A strong association between increasing BMI and GERD has been reported although not uniformly [27, 31]. Nandurkar et al. reported that when the overall mean BMI was 26.6 (5.7), 79 (37%) individuals had infrequent (<weekly) reflux and 16 (8%) reported frequent (≥weekly) reflux [27]. Among those with BMI >25, 10% reported frequent reflux compared to 4% of those with BMI ≤25. A community study in Sweden reported no association between BMI and reflux symptoms in a randomly selected group of middle aged and elderly persons [32]. However, another well-conducted population-based case-control study with reflux esophagitis found a strong association between BMI and severity of reflux esophagitis in women; a similar association was not identified in men [33]. Overall, the evidence supports the findings that BMI is a significant risk factor for symptomatic GERD. In our study, the BMI was similar in subjects with and those without GERD; this may be because only one-third of subjects had BMI >25.
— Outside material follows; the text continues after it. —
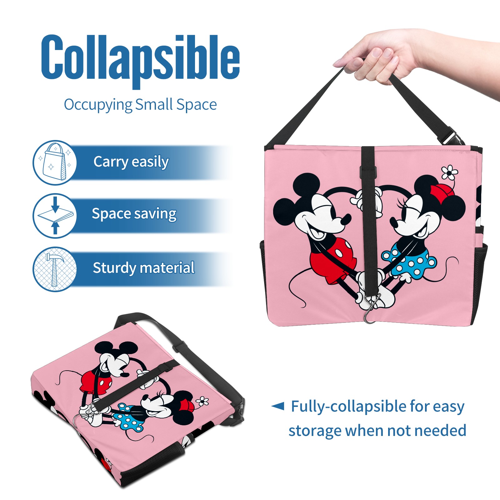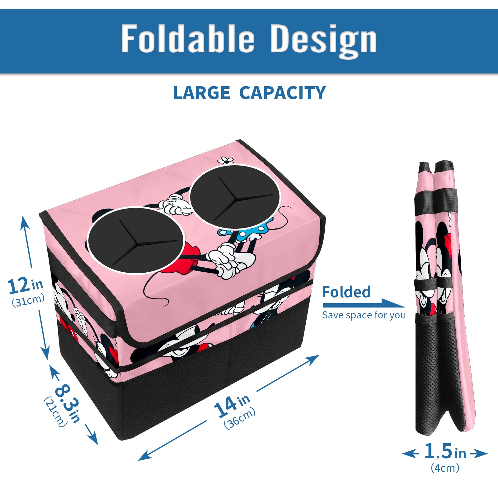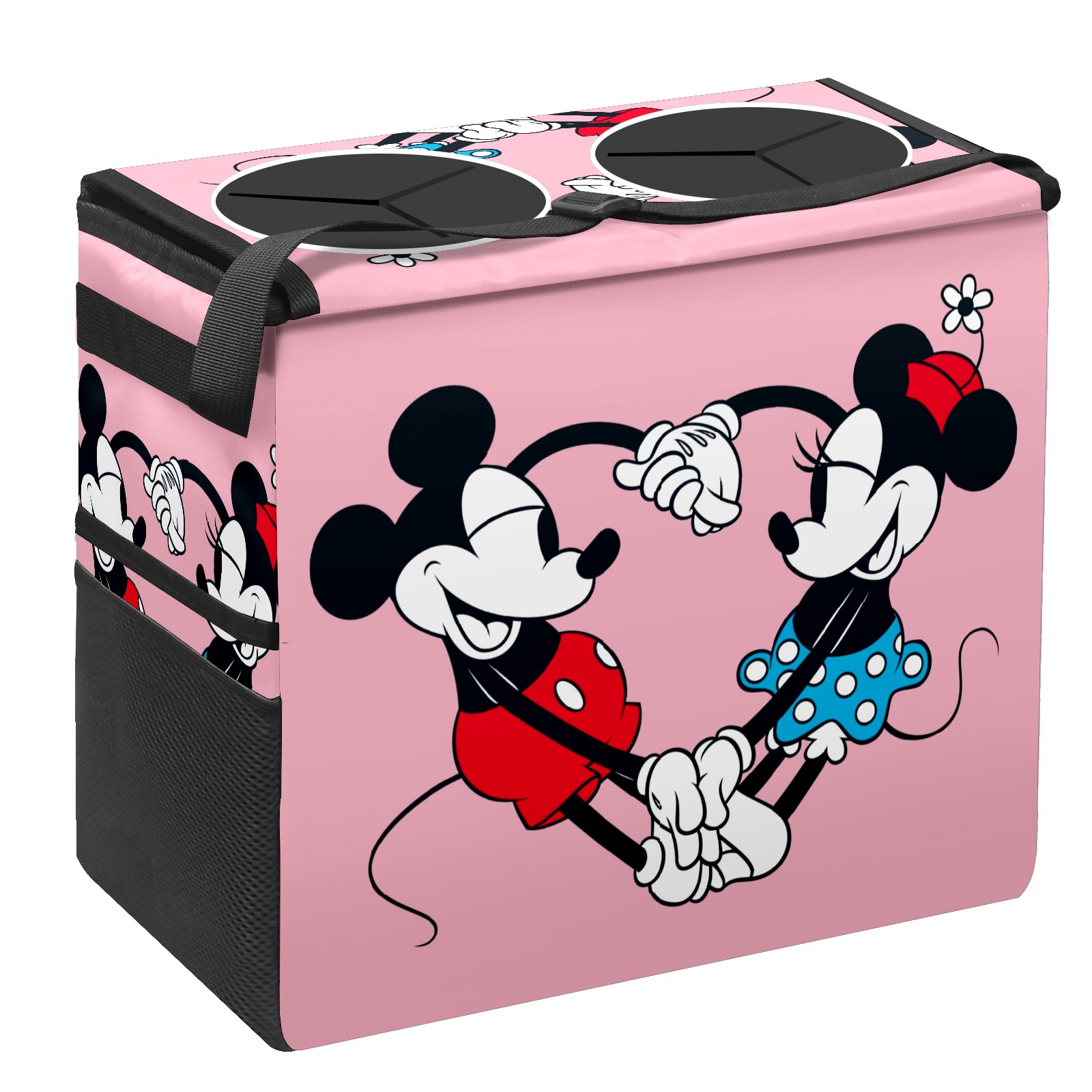 Car Trash Can with Lid, Portable Hanging Automotive Garbage Bin for Vehicles, Leakproof Waste Bag Container for SUV Truck Van Interior Auto Travel Road Trips(Mickey Mouse And Minnie Valentine's Day)

Our study had some limitations. We did not perform endoscopy in the community subjects. Our questionnaire included various questions on frequency, and severity of heartburn and regurgitation; we did not use a symptom score [34]. Also, our questionnaire has not been validated earlier. However, it contained questions regarding symptoms, and details of their frequency and severity, which are basic elements of all validated questionnaires available currently [34]. Moreover, the established questionnaires have been shown to poorly correlate with pathologic reflux [35]. We did not assess the socioeconomic status of our subjects. It is known that GERD is a disease of the affluent.

Our study is not truly representative of the Indian population, as the sample was based on volunteers willing to participate in the study. It is likely that subjects with symptoms were more likely to participate in the study (Berkson’s bias). Given that India is a vast country with heterogeneous populations, an ideal study should include representative population samples from different regions of the country. The data we collected was obtained from centers located in 9 states; however the eastern states were not represented.

We did not translate the proforma into various Indian languages. Our proforma was made in English, and the nurse assistant or physician administered the questionnaire. This was done to avoid multiple translations, as also to maintain uniformity of administration of questionnaire uniformly to illiterate subjects.

In conclusion, the present study showed that 7.6% of the Indian reported symptoms of GERD frequent enough to diagnose GERD. Subjects with GERD were older, frequently consulted doctors, more often had overlapping functional lower GI symptoms. Frequency of consumption of meat, fried food and spices was higher and fruit consumption lower amongst subjects with GERD; also, consumption of some of these food items aggravated symptoms.